Problem:
Please repeat the records exactly, keeping the pictures out.

Items listed in a dataset:

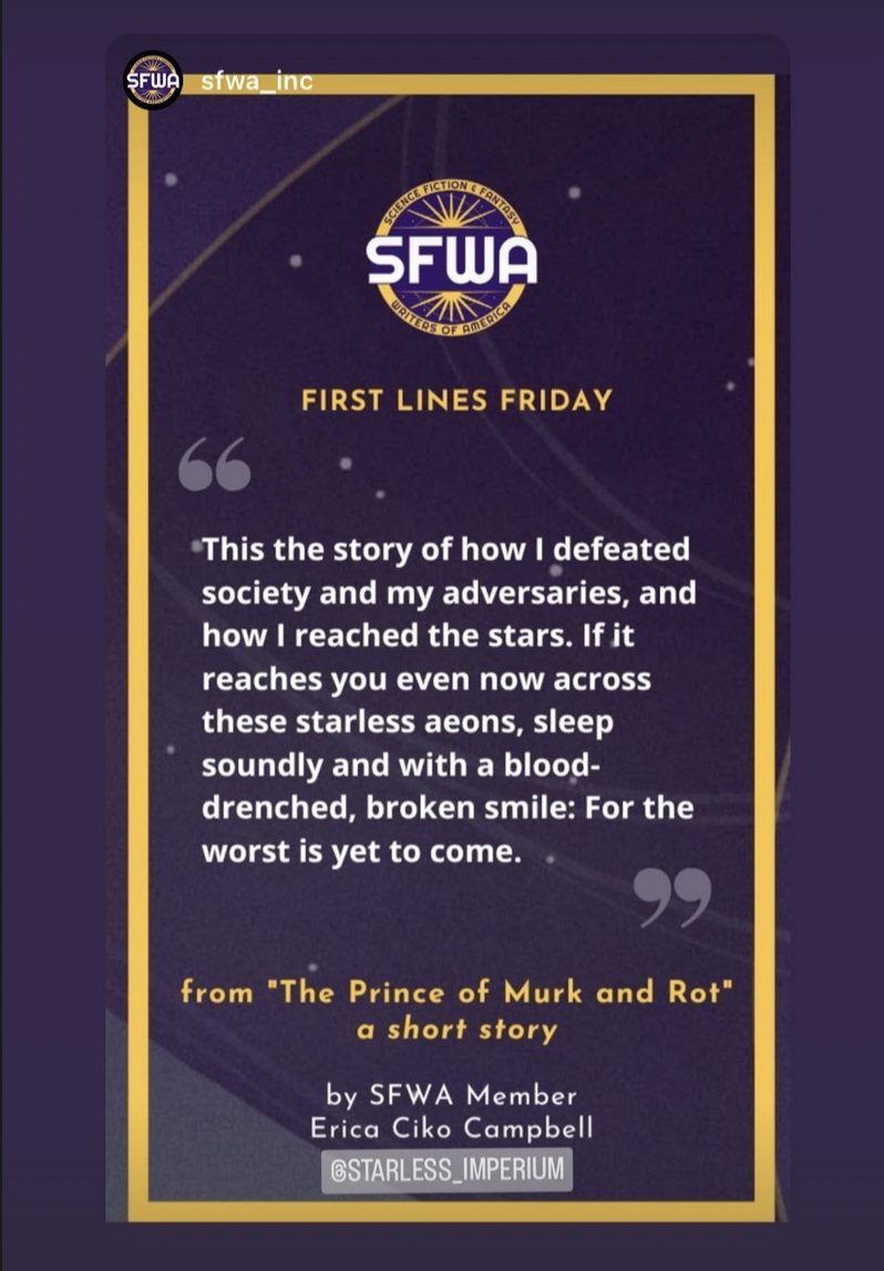 The Science Fiction and Fantasy Writers of America has featured Ciko’s creative work, describing it as, “Ligotti Meets Lovecraft in Space” and “Bleeding-Edge.”
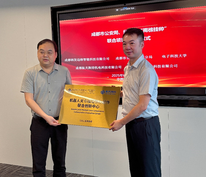 勇者先,能者上。7月3日,成都市公安局、成都市经济和信息化局“揭榜挂帅”联合项目组签约仪式在成都举行。成都航天凯特机电科技有限公司与成都市锦发边缘智能科技有限公司等单位组成联合体,共同承接警用四足智能巡防机器狗的研发,其中我司主要负责关节驱动系统的研发工作,以满足成都市公安局锦江区分局的治安巡逻防控对智能化装备的应用需求,助力锦江区智能化安全防线的构建。
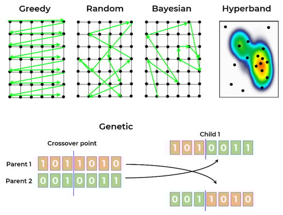 The performance of a CNN is critically sensitive to the architectural design and differs for each problem/challenge, leading to a difficult task of finding the appropriate hyperparameter values and their combination. It becomes even harder to understand network hyperparameters relations and their impact on the model’s performance. Since there is no mathematical formula for calculating the appropriate hyperparameters combination, it is common to find the grid search or random search as strategies to optimise the architecture. These strategies present some drawbacks, such as high usage of computational resources and non-directional (“dummy”) search for the optimal solution. Even with these strategies, there is also no guarantee that the resulting model is the best solution. More recently, Bayesian optimisation methods and genetic algorithms have been considered by the scientific community as approaches to optimise the architecture, but still with quite limited experiments [31,33].
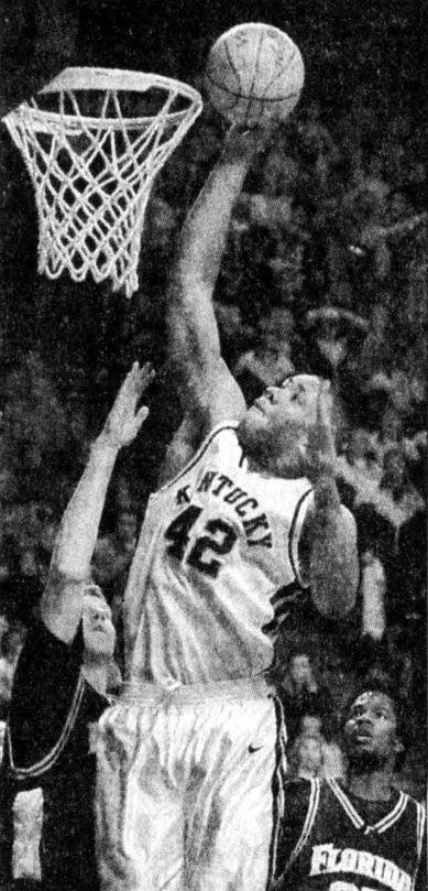 Lexington, KY -- When the final horn sounded there was little doubt who would be the player of the game, Tayshaun Prince. Prince scored 19 points for the Kentucky Wildcats, but no basket was bigger than the one he hit with the Wildcats down 69-70 and time running out. Prince was able to score despite being blanketed by Florida senior Brent Wright. As Prince drove from the wing he first went left, but Wright was there. Prince shifted his weight and drove right, but Wright was there. Finally Prince went left again, Wright was still there, but with the clock ticking Prince rose and flipped in a left handed shot that found the basket with 3.3 seconds remaining.
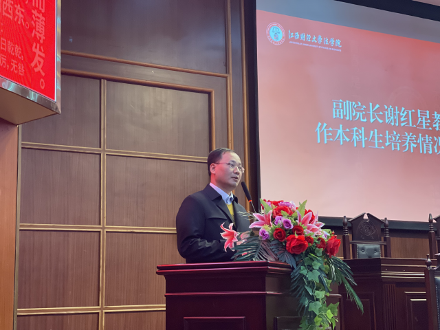 易有禄教授代表学院热烈祝贺2023级新生通过自己的努力实现了升学的目标,并由衷地欢迎大家加入江财法学院这个大家庭,为学院注入新的活力!随后,易有禄分别从学院历史、学科平台、师资力量、培养特色、学院社会影响等方面介绍了法学院的基本情况。他寄语全体2023级法学学子“学法悟理,心系家国”,深刻地认知法学专业究竟学什么以及如何学,持续去探索为什么学习法律?学法者的初心和使命到底是什么?除安身之外,我们还要立命。就是要有精神寄托,要有家国情怀。全体法学学子只有心系家国,才能极大地提高学法和从事法律职业的尊崇感和使命感,也惟有心系家国,将个体价值的实现和国家民族的命运紧密联结在一起,才能在全面推进依法治国的新征程中走得更远、飞得更高!

Reply to the task:
 The Science Fiction and Fantasy Writers of America has featured Ciko’s creative work, describing it as, “Ligotti Meets Lovecraft in Space” and “Bleeding-Edge.”
 勇者先,能者上。7月3日,成都市公安局、成都市经济和信息化局“揭榜挂帅”联合项目组签约仪式在成都举行。成都航天凯特机电科技有限公司与成都市锦发边缘智能科技有限公司等单位组成联合体,共同承接警用四足智能巡防机器狗的研发,其中我司主要负责关节驱动系统的研发工作,以满足成都市公安局锦江区分局的治安巡逻防控对智能化装备的应用需求,助力锦江区智能化安全防线的构建。
 The performance of a CNN is critically sensitive to the architectural design and differs for each problem/challenge, leading to a difficult task of finding the appropriate hyperparameter values and their combination. It becomes even harder to understand network hyperparameters relations and their impact on the model’s performance. Since there is no mathematical formula for calculating the appropriate hyperparameters combination, it is common to find the grid search or random search as strategies to optimise the architecture. These strategies present some drawbacks, such as high usage of computational resources and non-directional (“dummy”) search for the optimal solution. Even with these strategies, there is also no guarantee that the resulting model is the best solution. More recently, Bayesian optimisation methods and genetic algorithms have been considered by the scientific community as approaches to optimise the architecture, but still with quite limited experiments [31,33].
 Lexington, KY -- When the final horn sounded there was little doubt who would be the player of the game, Tayshaun Prince. Prince scored 19 points for the Kentucky Wildcats, but no basket was bigger than the one he hit with the Wildcats down 69-70 and time running out. Prince was able to score despite being blanketed by Florida senior Brent Wright. As Prince drove from the wing he first went left, but Wright was there. Prince shifted his weight and drove right, but Wright was there. Finally Prince went left again, Wright was still there, but with the clock ticking Prince rose and flipped in a left handed shot that found the basket with 3.3 seconds remaining.
 易有禄教授代表学院热烈祝贺2023级新生通过自己的努力实现了升学的目标,并由衷地欢迎大家加入江财法学院这个大家庭,为学院注入新的活力!随后,易有禄分别从学院历史、学科平台、师资力量、培养特色、学院社会影响等方面介绍了法学院的基本情况。他寄语全体2023级法学学子“学法悟理,心系家国”,深刻地认知法学专业究竟学什么以及如何学,持续去探索为什么学习法律?学法者的初心和使命到底是什么?除安身之外,我们还要立命。就是要有精神寄托,要有家国情怀。全体法学学子只有心系家国,才能极大地提高学法和从事法律职业的尊崇感和使命感,也惟有心系家国,将个体价值的实现和国家民族的命运紧密联结在一起,才能在全面推进依法治国的新征程中走得更远、飞得更高!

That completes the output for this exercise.